Redo `dask.order.order`. Fix #5584. Use structural info, not key names by eriknw · Pull Request #5646 · dask/dask

eriknw · 2019-11-27T20:22:06Z

This is a rewrite of dask.order.order, but the goals remain the same and many previous lessons were taken into consideration. The new version relies less on the key name by using more metrics and using a different strategy for walking up and down the DAG.

Performance appears to be about the same (often a little faster).

@TomAugspurger also suggested I add some benchmarks to dask-benchmarks.

Tests added / passed
Passes black dask / flake8 dask

@TomAugspurger

…names. This is a substantial rewrite of `dask.order.order`, but the goals remain the same and many previous lessons were taken into consideration. The new version relies less on the key name by using more metrics and using a different strategy for walking up and down the DAG. Performance appears to be about the same (sometimes a litle faster, sometimes a little slower, and never a lot slower). I still need to wrap up some cosmetics (doc strings, code comments, etc). @TomAugspurger also suggested I add some benchmarks to dask-benchmarks.

mrocklin · 2019-11-27T21:12:52Z

Thanks @eriknw . When you get back from the holidays, I would be curious about the following:

What were the workloads that motivated this change?
At a high level how does the proposed change change behavior?

The ordering code is fairly core to Dask's functioning today, so changes here should be scrutinized. It would be good if someone else close to this code (@jcrist @jrbourbeau ?) could review as well.
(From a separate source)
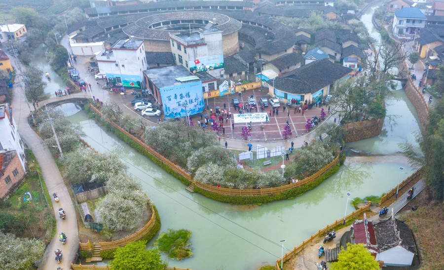 Aerial photo shows an earthen building complemented by the blossoms of bitter orange in Gezhu village of Nanjing county, Zhangzhou, southeast China's Fujian Province. (People's Daily Online/Li Changqian)

eriknw · 2019-11-27T21:53:52Z

Certainly. I expect this to be thoroughly scrutinized and will provide much more supporting material.

I began by trying to understand what was happening in dask.order.order here: Tasks order and scheduling #5584 (comment). The old order would alternate up and down the DAG in a sometimes self-avoiding way, which resulted in poor ordering. This behavior may not show up in other well-patterned DAGs due to good ordering of similar keys. In the linked issue, the keys were hashes from dask.delayed, which revealed this problem that could easily happen elsewhere.
At a high level, the proposed change doesn't change any previously expected or established behavior (or at least my understanding of it), but it does the ordering more robustly. It relies less on using the key and more on using the structure. The ordering looks good to me in all examples that I looked at from previous issues (but I'm sure I didn't look at or fully understand everything).

Here's a simple example from the tests where the old order failed:

def test_avoid_broker_nodes(abcde):
    r"""

    b0    b1  b2
    |      \  /
    a0      a1

    a0 should be run before a1
    """
    a, b, c, d, e = abcde

    ....

    # Switch name of 0, 1 for "b"s too
    dsk = {
        (a, 0): (f,),
        (a, 1): (f,),
        (b, 1): (f, (a, 0)),
        (b, 0): (f, (a, 1)),
        (b, 2): (f, (a, 1)),
    }
    o = order(dsk)
    assert o[(a, 0)] < o[(a, 1)]

I found the old approach--although clever and short--to be irredeemable when trying to address these. I don't mean to sound too critical (the previous way and all the discussions around it were incredibly helpful), so not improving the old way is probably a lack of imagination on my part along with my preference for trying something new.

dask/tests/test_order.py

TomAugspurger · 2019-12-03T17:13:30Z

dask/tests/test_order.py

    o = order(dsk)
-    expected = {"y": 0}
-    expected.update({k: i + 1 for i, k in enumerate(x_keys)})
+    expected = {"y": 10}


Can you share why this changed?

It looked to me that the old code here was wrong. "y" cannot be 0. It has 10 dependencies.

dask/tests/test_order.py

eriknw · 2019-12-03T19:27:38Z

Here is a notebook showing a few examples:

https://gist.github.com/eriknw/0ab7cf29a4f4f6037a22ede14b7f58b8

eriknw · 2019-12-03T19:54:13Z

This is awaiting further review and scrutiny.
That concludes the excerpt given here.